3.2 Party A will assess the books declared by Party B, and will at its own discretion finally determine the criteria and amount of single-book minimum guarantee, in accordance with the latest single-book minimum guarantee policy it has informed Party B.
3.3 The term of the single-book minimum guarantee for any book shall be two years as of the date when the book is uploaded to China Mobile's mobile phone reading platform; in case of any change, it shall be otherwise negotiated by both Parties, and subject to the minimum guarantee form finally confirmed by both Parties.
3.4 After the assessment is completed, Party A shall promptly send an email containing the finally confirmed minimum guarantee form (including list of books covered by the minimum guarantee, amount and term of the minimum guarantee) to the email address of Party B's designated contact. Party B shall make a written confirmation within 7 days if there is no objection; if Party B fails to make a confirmation within the said period, it shall be deemed that Party B does not have objection. In case of any change relating to Party B's contact, Party B shall promptly inform Party A.
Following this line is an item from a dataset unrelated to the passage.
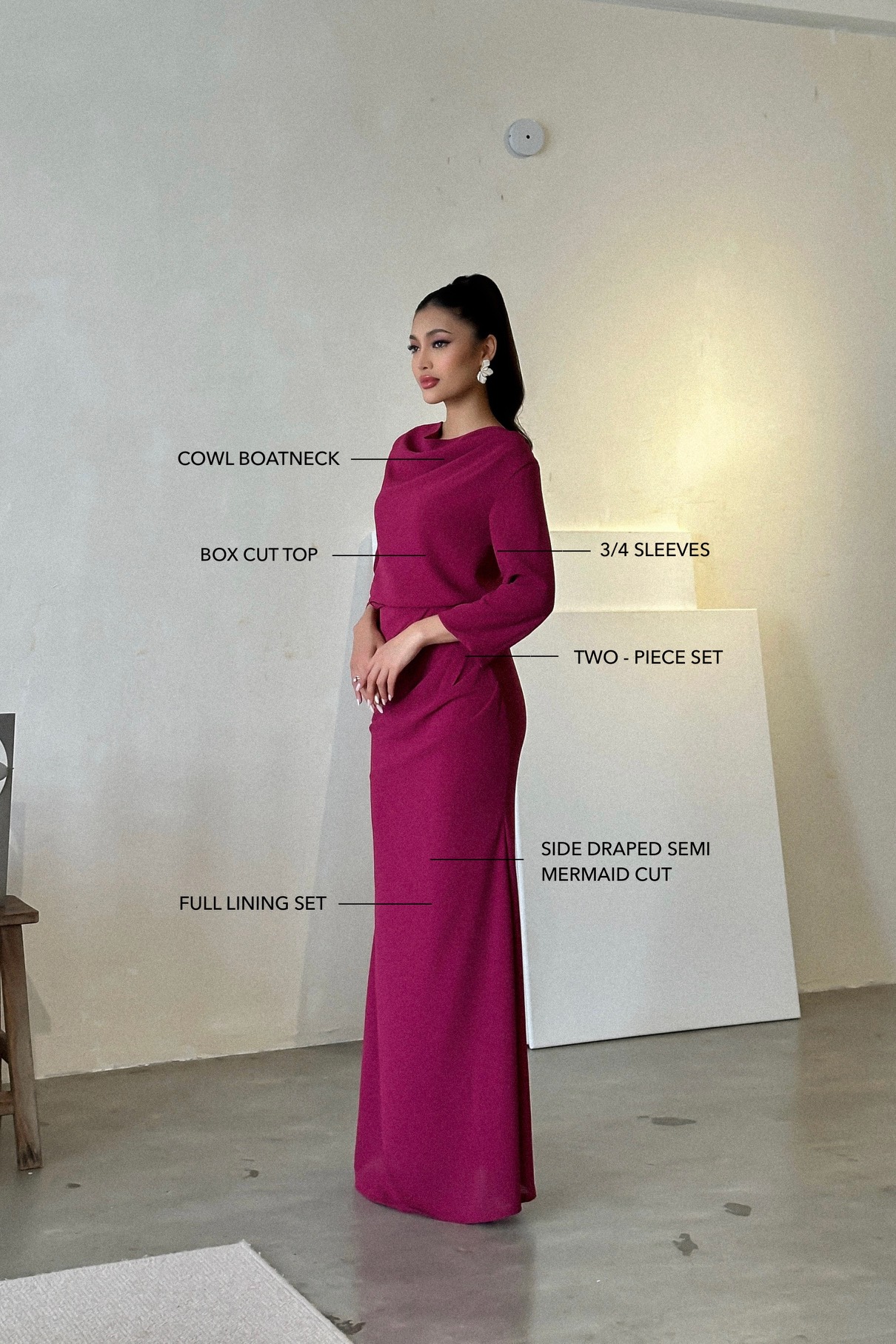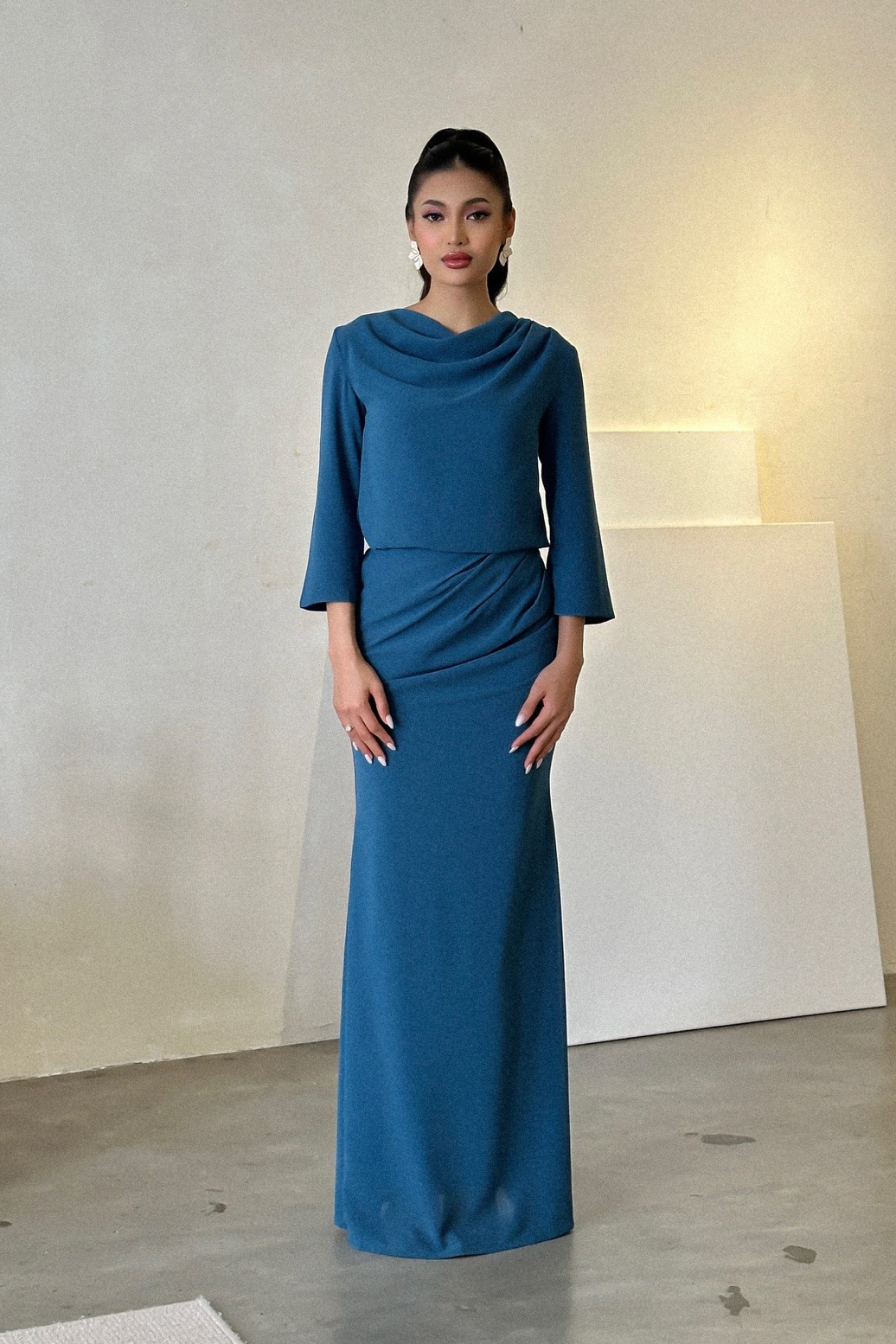 RIMA set is all about ease, elegance and minimalism. Cut for a boxy-slim silhouette, this RIMA set is made from breathable premium heavy chiffon and jersey lining falls to a floor-sweeping maxi hem that feels equally effortless and elegant. It has box cut top and side-draped semi mermaid cut.

3.5 The single-book minimum guarantee policy published by Party A shall apply. Party A may adjust or abolish such policy, and such adjustment or abolishment shall become effective when Party B receives the notice.
ARTICLE 6 CONFIDENTIALITY
1. Confidential information refers to any information or material regarding the disclosing party (including but not limited to the disclosing party's subsidiaries, parent company and subsidiaries of the parent company), which is known by the receiving party during the consultation, negotiation, execution and performance of this Agreement between both Parties, and is owned, possessed or controlled by the disclosing party and certain confidential measures have been taken by the disclosing party therefor, excluding: (a) information lawfully acquired by the receiving party on or before the disclosure of such information by the disclosing party, if it is proved by the receiving party with sufficient evidence; (b) information becomes publicly known on or after the disclosure of such information by the disclosing party, without any fault of the receiving party; and (c) information independently developed by the receiving party without access to any confidential information of the disclosing party, if it is proved by the receiving party with sufficient evidence.
2. Each Party shall keep confidentiality of the content of this Agreement and all trade secrets of the other Party received during the performance of this Agreement, including the business information, sales data and technical plans of the other Party. Without the written and specific authorization of the other Party or the requirement of any applicable law, the party receiving the trade secrets of the other party shall not use or permit to use such information without authorization, or disclose such information to others, or otherwise abuse such information. If the receiving party violates this provision, it shall indemnify the other party against all damages and losses resulting therefrom.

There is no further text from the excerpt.